**Available records**
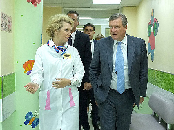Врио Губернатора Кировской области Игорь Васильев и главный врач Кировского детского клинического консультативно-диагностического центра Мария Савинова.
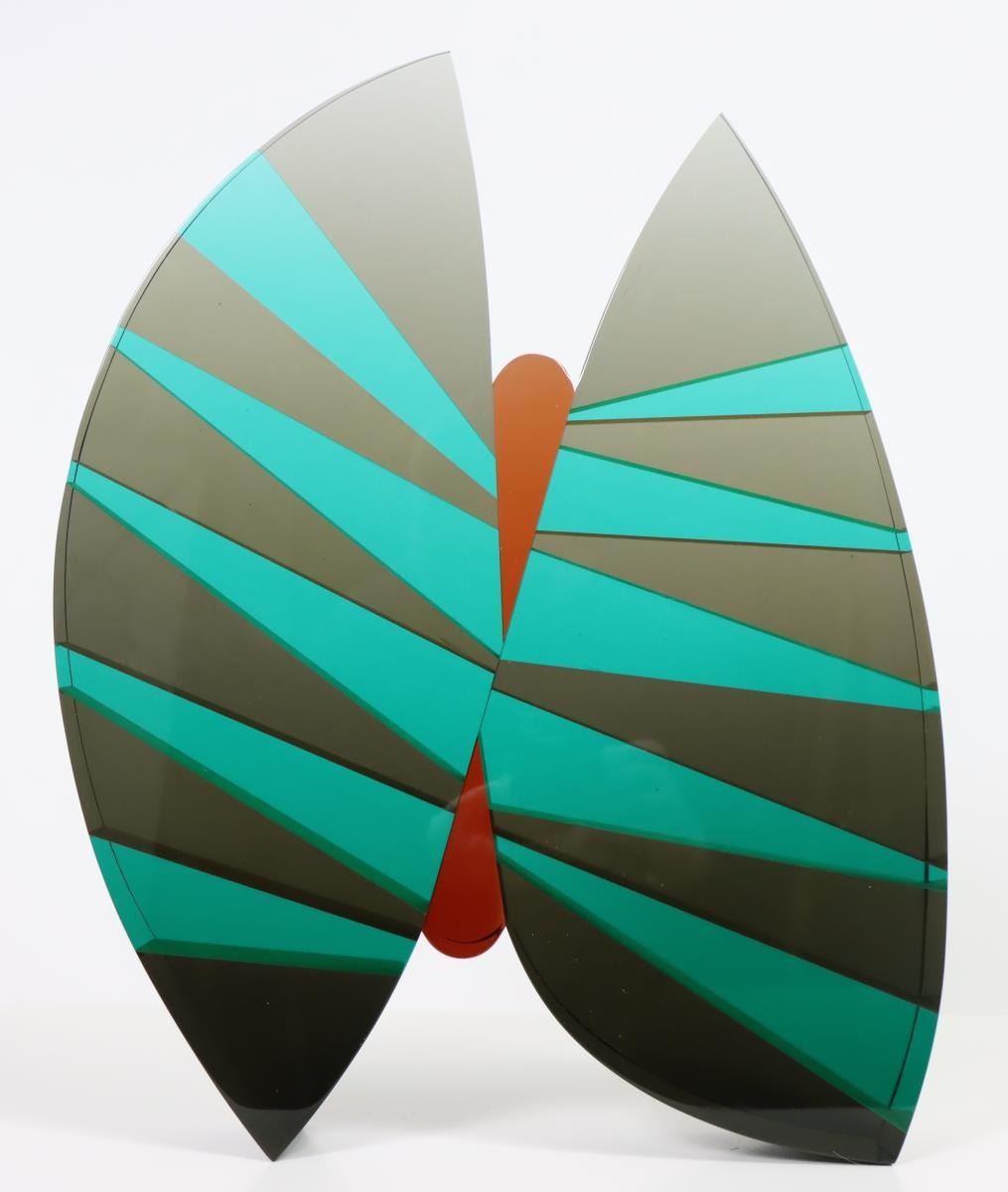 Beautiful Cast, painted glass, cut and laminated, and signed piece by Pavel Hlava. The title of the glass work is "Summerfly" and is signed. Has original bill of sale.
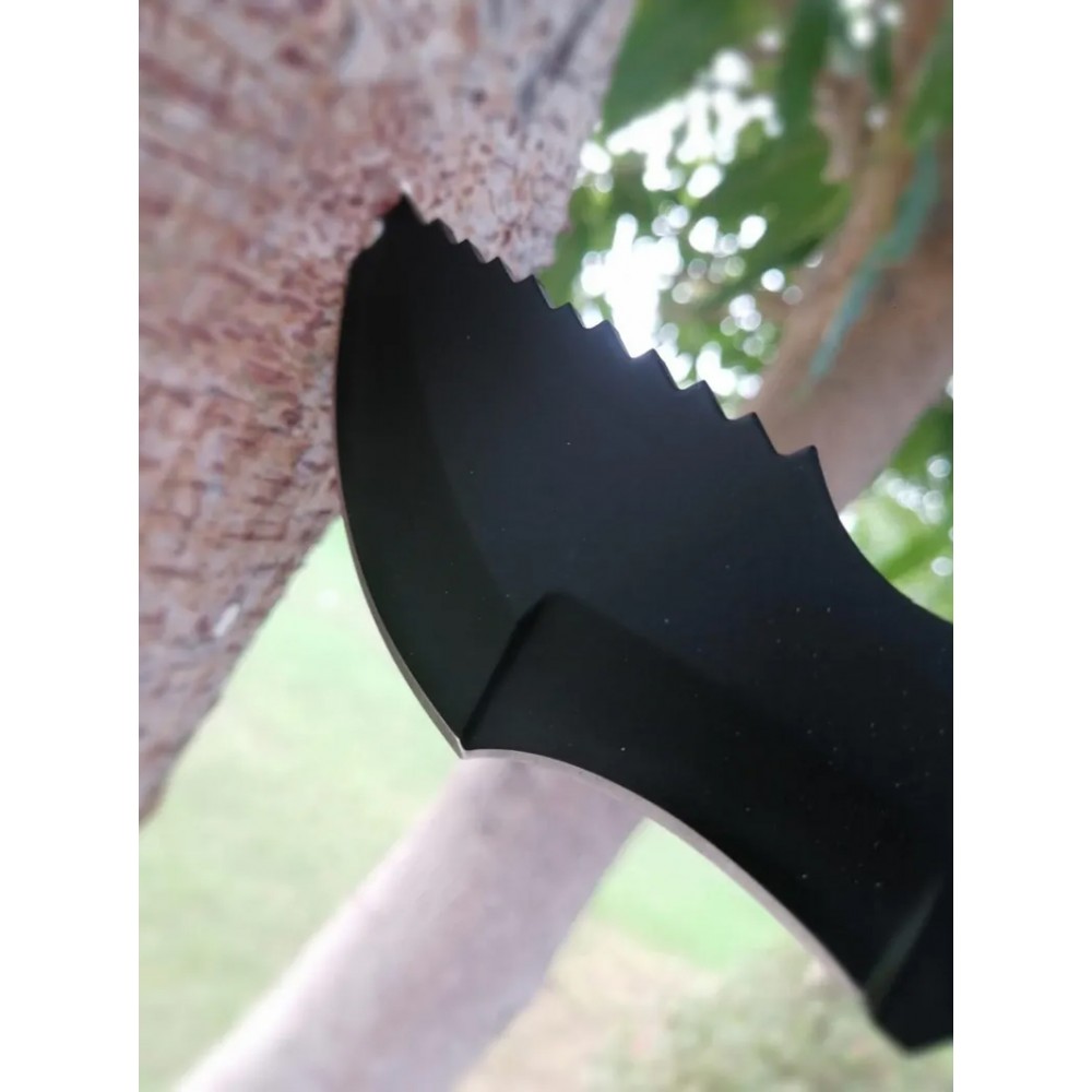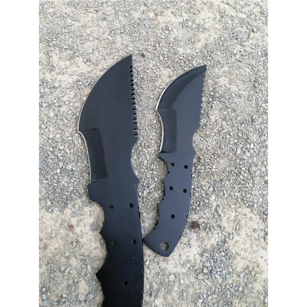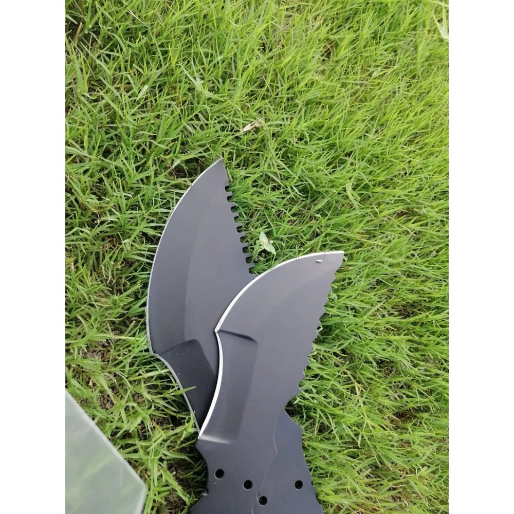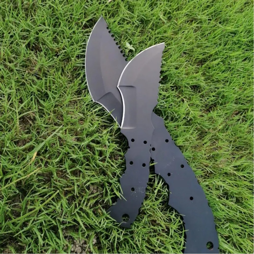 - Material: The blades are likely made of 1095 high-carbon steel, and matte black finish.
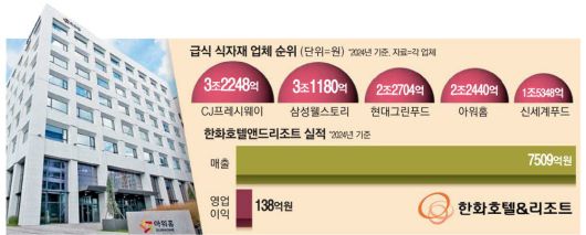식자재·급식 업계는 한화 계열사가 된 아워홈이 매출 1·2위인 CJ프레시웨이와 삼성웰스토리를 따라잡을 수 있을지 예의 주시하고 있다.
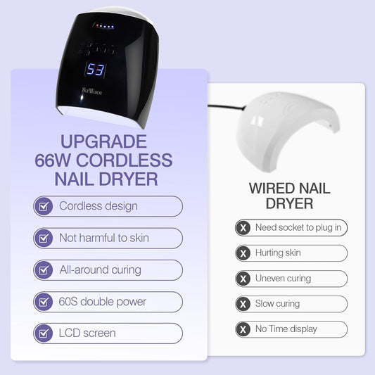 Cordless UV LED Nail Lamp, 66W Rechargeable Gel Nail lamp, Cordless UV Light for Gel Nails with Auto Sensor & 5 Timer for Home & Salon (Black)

**Description of the task**
Copy the whole listing above word for word but do not carry over the pictures.

**Result of the task**
Врио Губернатора Кировской области Игорь Васильев и главный врач Кировского детского клинического консультативно-диагностического центра Мария Савинова.
 Beautiful Cast, painted glass, cut and laminated, and signed piece by Pavel Hlava. The title of the glass work is "Summerfly" and is signed. Has original bill of sale.
 - Material: The blades are likely made of 1095 high-carbon steel, and matte black finish.
식자재·급식 업계는 한화 계열사가 된 아워홈이 매출 1·2위인 CJ프레시웨이와 삼성웰스토리를 따라잡을 수 있을지 예의 주시하고 있다.
 Cordless UV LED Nail Lamp, 66W Rechargeable Gel Nail lamp, Cordless UV Light for Gel Nails with Auto Sensor & 5 Timer for Home & Salon (Black)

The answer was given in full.